Directions for this task:
Since the listing below shows pictures, leave them out and write out exactly the lines from the line with "ふれあいガーデンづくりの一環として、種だんご作りも行いました!" to the line with "Хотелът разполага с", both included, and no others.

Data supplied:
★ ★ ★

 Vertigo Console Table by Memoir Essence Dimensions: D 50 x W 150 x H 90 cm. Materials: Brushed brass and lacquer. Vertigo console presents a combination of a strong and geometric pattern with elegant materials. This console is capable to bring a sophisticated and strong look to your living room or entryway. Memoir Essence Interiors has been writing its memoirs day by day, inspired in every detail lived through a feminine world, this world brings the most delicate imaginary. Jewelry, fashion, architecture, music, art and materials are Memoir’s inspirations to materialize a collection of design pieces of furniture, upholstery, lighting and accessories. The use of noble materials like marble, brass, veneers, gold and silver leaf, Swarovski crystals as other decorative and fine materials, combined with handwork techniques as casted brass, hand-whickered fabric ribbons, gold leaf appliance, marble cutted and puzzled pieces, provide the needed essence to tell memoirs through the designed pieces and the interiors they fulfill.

★ ★ ★

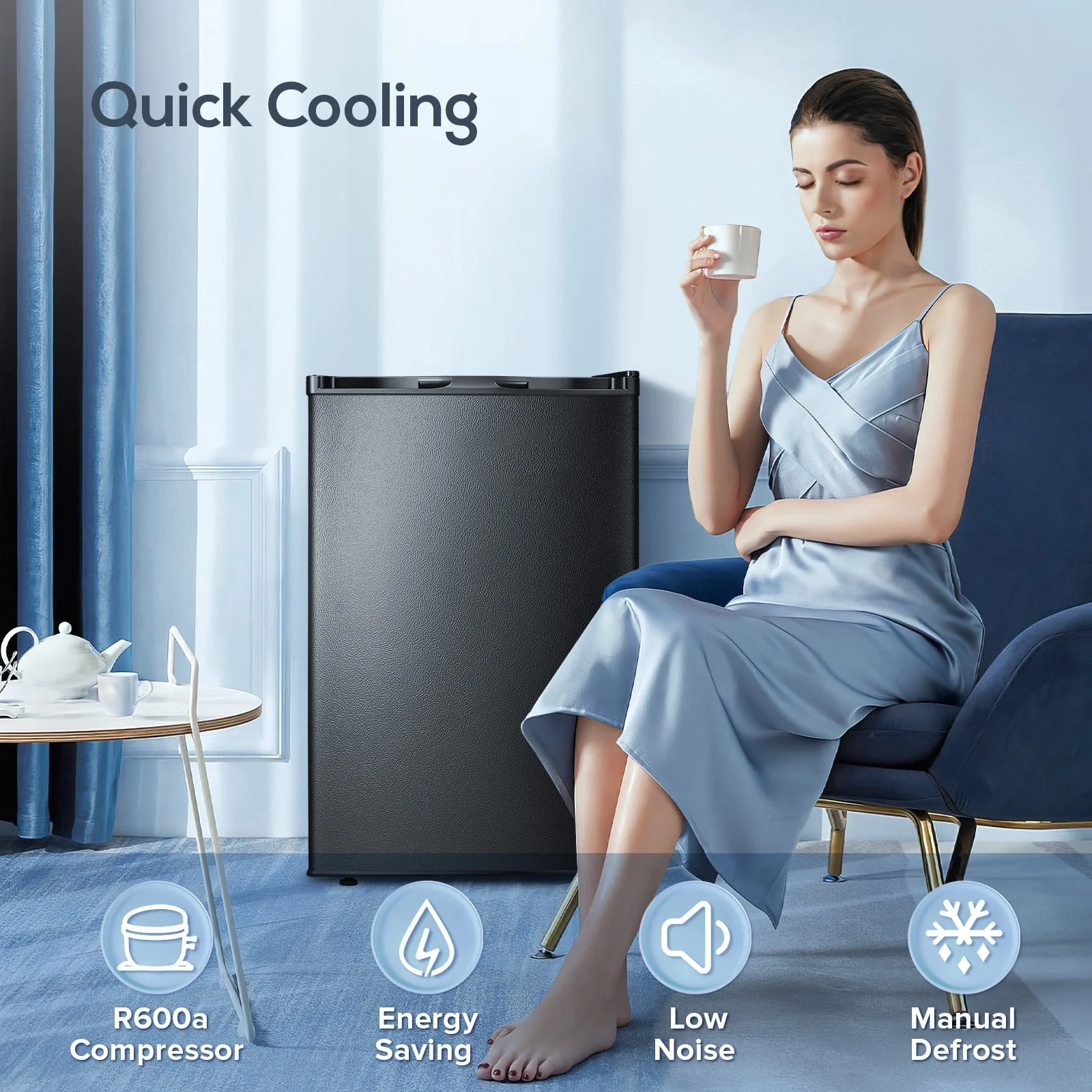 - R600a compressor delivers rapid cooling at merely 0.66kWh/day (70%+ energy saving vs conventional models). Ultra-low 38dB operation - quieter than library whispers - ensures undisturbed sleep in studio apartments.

★ ★ ★

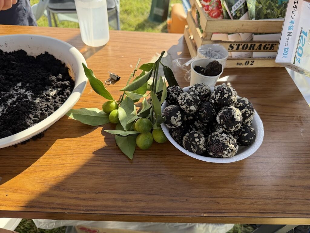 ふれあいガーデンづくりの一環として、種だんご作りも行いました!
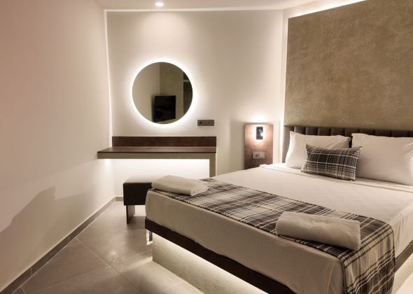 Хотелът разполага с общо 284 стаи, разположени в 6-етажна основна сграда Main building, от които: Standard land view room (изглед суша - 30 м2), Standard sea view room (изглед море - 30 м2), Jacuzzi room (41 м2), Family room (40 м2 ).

★ ★ ★

Written answer:
 ふれあいガーデンづくりの一環として、種だんご作りも行いました!
 Хотелът разполага с общо 284 стаи, разположени в 6-етажна основна сграда Main building, от които: Standard land view room (изглед суша - 30 м2), Standard sea view room (изглед море - 30 м2), Jacuzzi room (41 м2), Family room (40 м2 ).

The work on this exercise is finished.